Support for torch==2.4.1 has been officially removed. Please upgrade to a newer version of PyTorch. (by @winglian in #2582)

🎉 New Features

Greatly Improved Sample Packing

We've implemented an improved Parallel Bin Packing algorithm that achieves ~99% packing efficiency on most datasets. This can improve your workload throughput by up to 10%. (by @winglian in #2631)
pad_to_sequence_len is now automatically enabled when using sample packing for better performance and stability. (by @winglian in #2607)

Xformers Attention for Packed Sequences

Added support for using xformers optimized attention with packed sequences in fp16, boosting training speed even further. (by @winglian in #2619)

Support fine-tuning Text-to-Speech model with LLM backbone

Axolotl now supports training a Text-to-Speech (TTS) model on top of an LLM. (by @mhenrichsen in #2614)

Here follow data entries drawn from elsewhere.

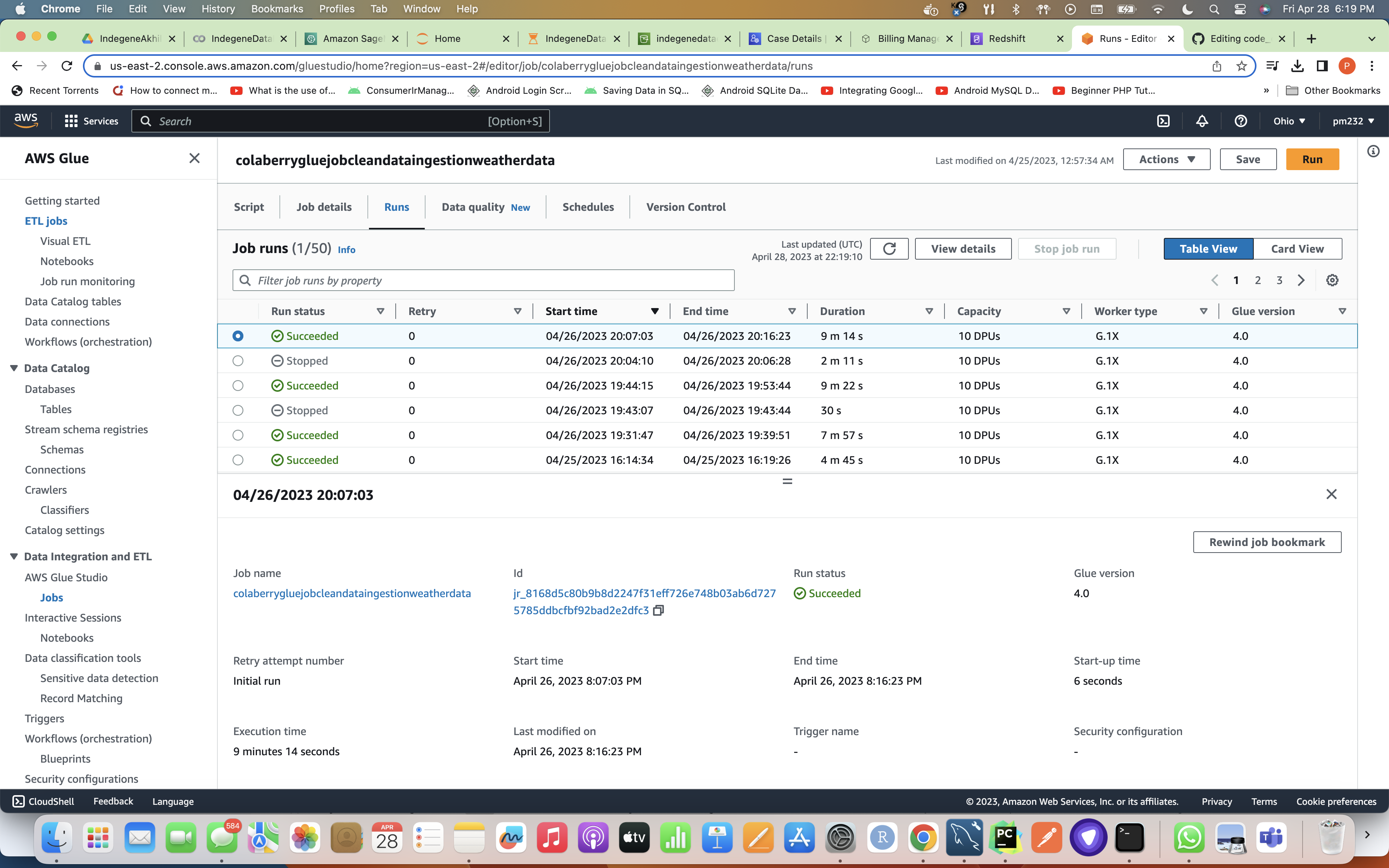 Screenshot attached For Glue Job Run Summary/Page (Note that now I have made individual Glue Jobs For Both Weather and Crop Data Ingestions To Achieve Concurrency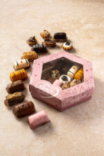 Lagane korice filovane vanil kremom sa lešnik grilijašem i ganašem crne čokolade.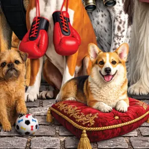 Scena înfățișează o stradă aglomerată dintr-un orășel, unde protagoniștii sunt, bineînțeles, câinii. Diferite rase se aliniază una lângă alta, fiecare cu propriul stil și personalitate: personaje elegante, sportive, îndrăznețe sau chiar excentrice, care par să se pregătească pentru o prezentare de modă sau un eveniment special. Detaliile mici – accesoriile, hainele și expresiile faciale – fac această imagine cu adevărat vie și adorabilă.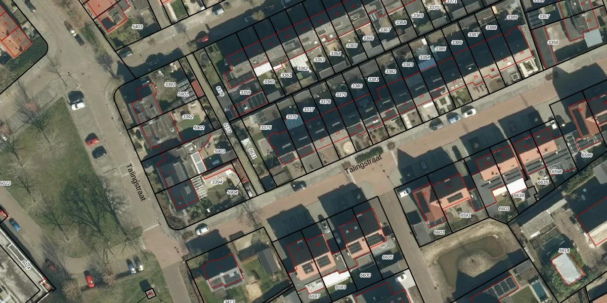 Talingstraat 9 is gelegen op kadastraal perceel GDP00C3376. Deze kadastrale aanduiding is uniek en wordt gebruikt door het Kadaster om eigendomsrechten en andere zakelijke rechten vast te leggen. Het perceel maakt onderdeel uit van de kadastrale gemeente Geldrop.

Automatic LoRA Kernel Activation

LoRA kernels are now automatically enabled where possible, providing a hands-free performance boost for LoRA training. This feature is automatically disabled for RL training to ensure stability. (by @djsaunde in #2589 and @winglian in #2600)

CAME Optimizer Support

You can now use the CAME optimizer, a memory-efficient optimizer designed for large language models. (by @xzuyn in #2385)

General User Experience

DeepSpeed Config Logging: Your DeepSpeed configuration is now automatically saved to Weights & Biases, making your runs easier to reproduce and debug. (by @winglian in #2593)
Automatic Reasoning Dataset Splitting: Axolotl can now automatically split existing reasoning datasets to leverage new chat templates with reasoning/tool-use turns. (by @winglian in #2591)

📦 Dependency Updates

liger-kernel bumped to 0.5.9. (by @winglian in #2640)
vllm bumped to 0.8.5 for Qwen2 support. (by @winglian in #2583)
datasets and other Hugging Face libraries have been updated.

🔧 Major Fixes

Model and Training Stability

Qwen2 Models: Fixed multiple issues with packing and kernel support for the Qwen2 and Qwen2-MoE model families, ensuring they train correctly. (by @winglian in #2588, #2612, #2622 and @NanoCode012 in #2596)
Evaluation: Fixed a bug that could cause evaluation runs to fail. (by @djsaunde in #2586)
DeepSpeed: Resolved an issue where the learning rate was passed as a tensor instead of a float, causing errors. (by @winglian in #2595). This was also pushed upstream at huggingface/transformers#37704 by @NanoCode012 and huggingface/transformers#37881 by @winglian.
DPO Trainer: Fixed an issue where evaluation steps were incorrectly overridden. (by @winglian in #2628)

Other Improvements

📚 Documentation & Examples

Added documentation for the new split_thinking feature. (by @NanoCode012 in #2613)
Corrected documentation for multimodal datasets and Llama 4 delinearization. (by @NanoCode012 in #2575, #2644)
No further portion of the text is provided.